Copy each line of the data below exactly, leaving out pictures.

» **GIVEN MATERIAL**

★ ★ ★ ★

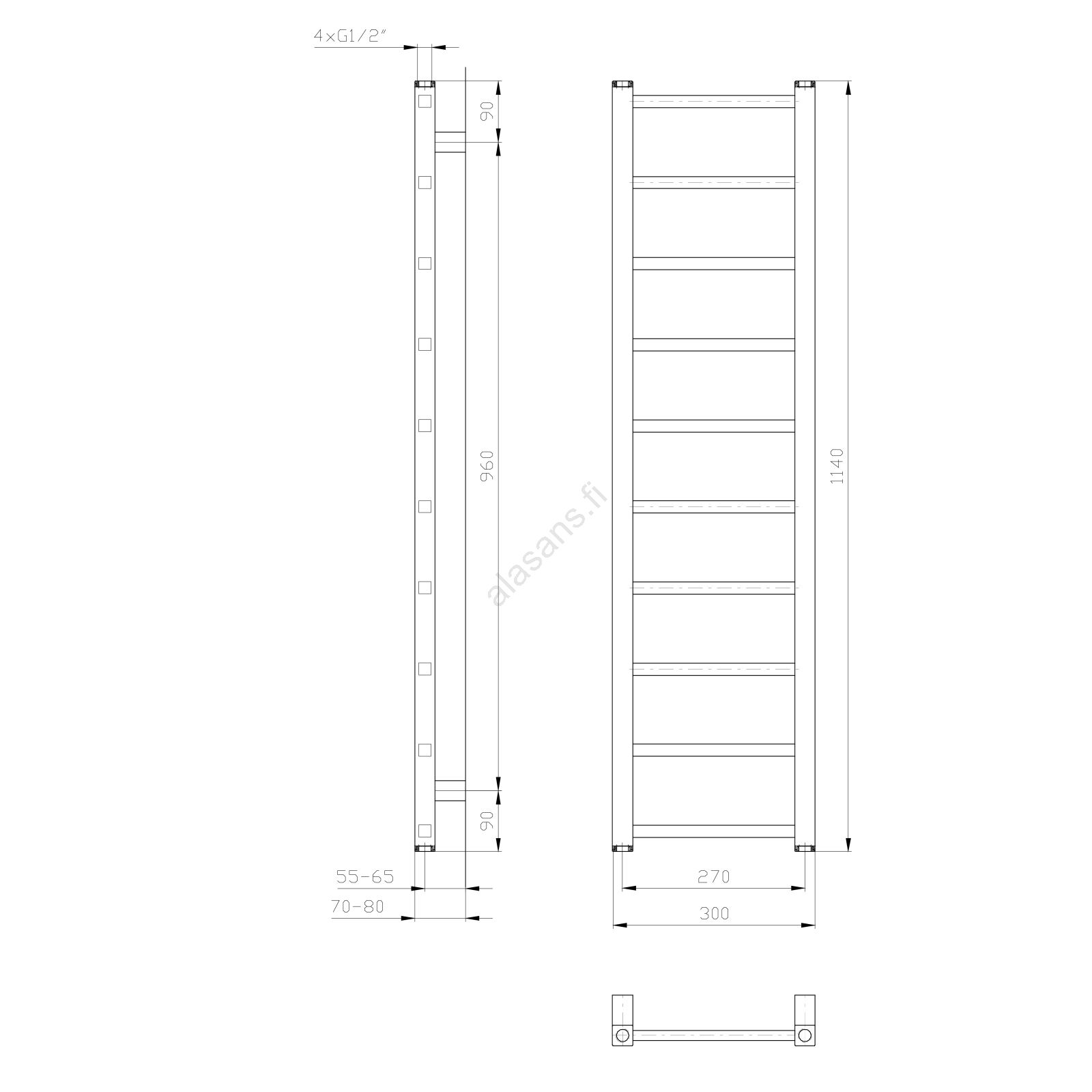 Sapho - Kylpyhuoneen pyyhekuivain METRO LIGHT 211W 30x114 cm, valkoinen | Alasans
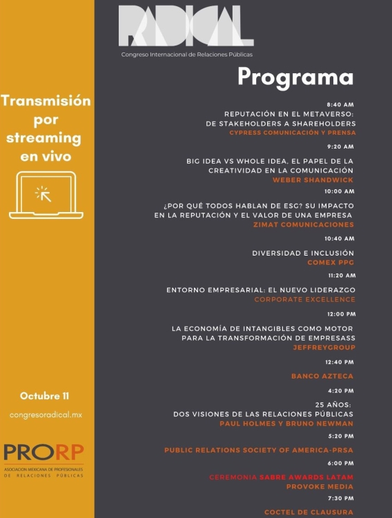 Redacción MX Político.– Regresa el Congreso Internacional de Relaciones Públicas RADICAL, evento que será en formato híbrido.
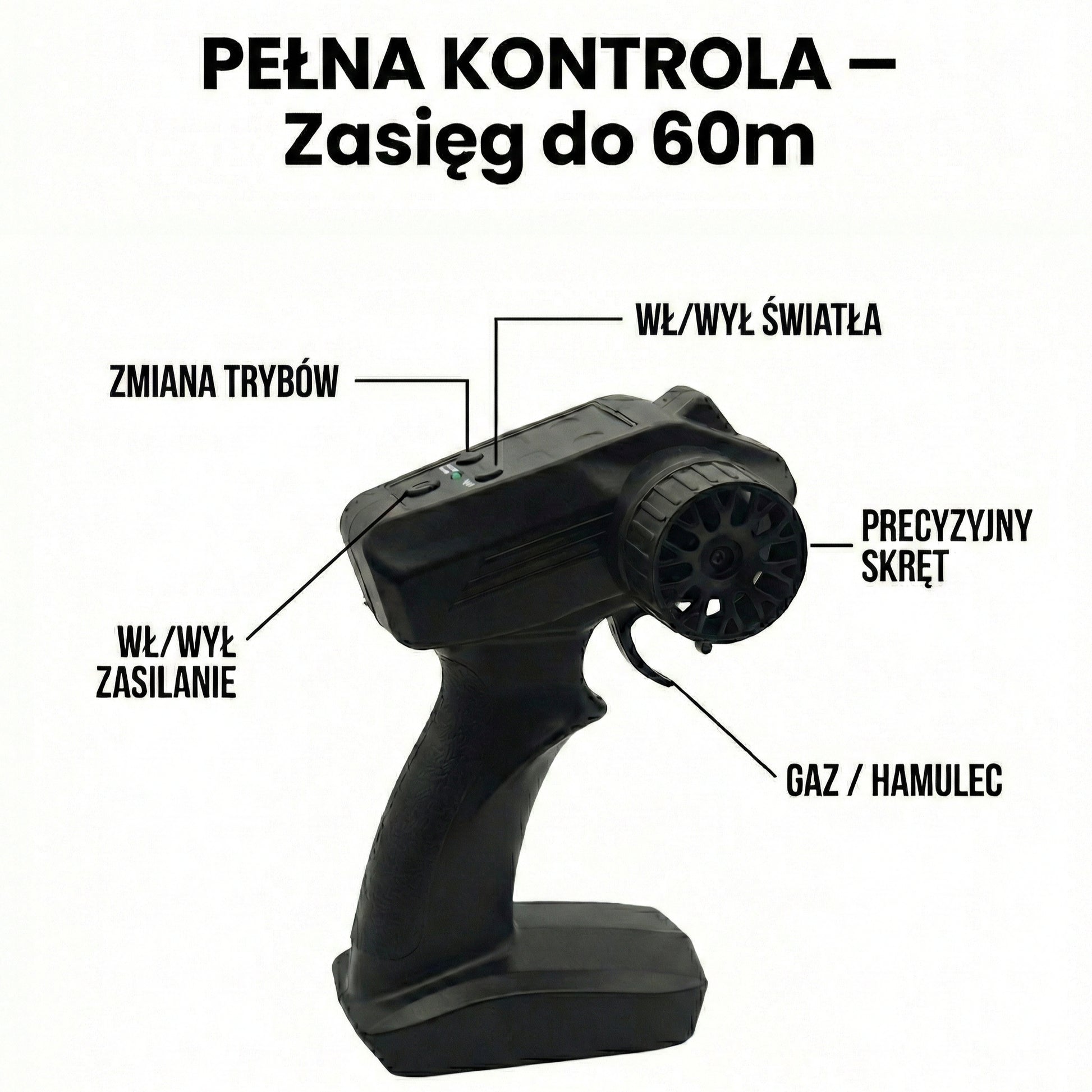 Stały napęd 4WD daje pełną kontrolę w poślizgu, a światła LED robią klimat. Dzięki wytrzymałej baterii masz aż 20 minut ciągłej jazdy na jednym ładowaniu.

★ ★ ★ ★

» **REPLY TO THE EXERCISE**
 Sapho - Kylpyhuoneen pyyhekuivain METRO LIGHT 211W 30x114 cm, valkoinen | Alasans
 Redacción MX Político.– Regresa el Congreso Internacional de Relaciones Públicas RADICAL, evento que será en formato híbrido.
 Stały napęd 4WD daje pełną kontrolę w poślizgu, a światła LED robią klimat. Dzięki wytrzymałej baterii masz aż 20 minut ciągłej jazdy na jednym ładowaniu.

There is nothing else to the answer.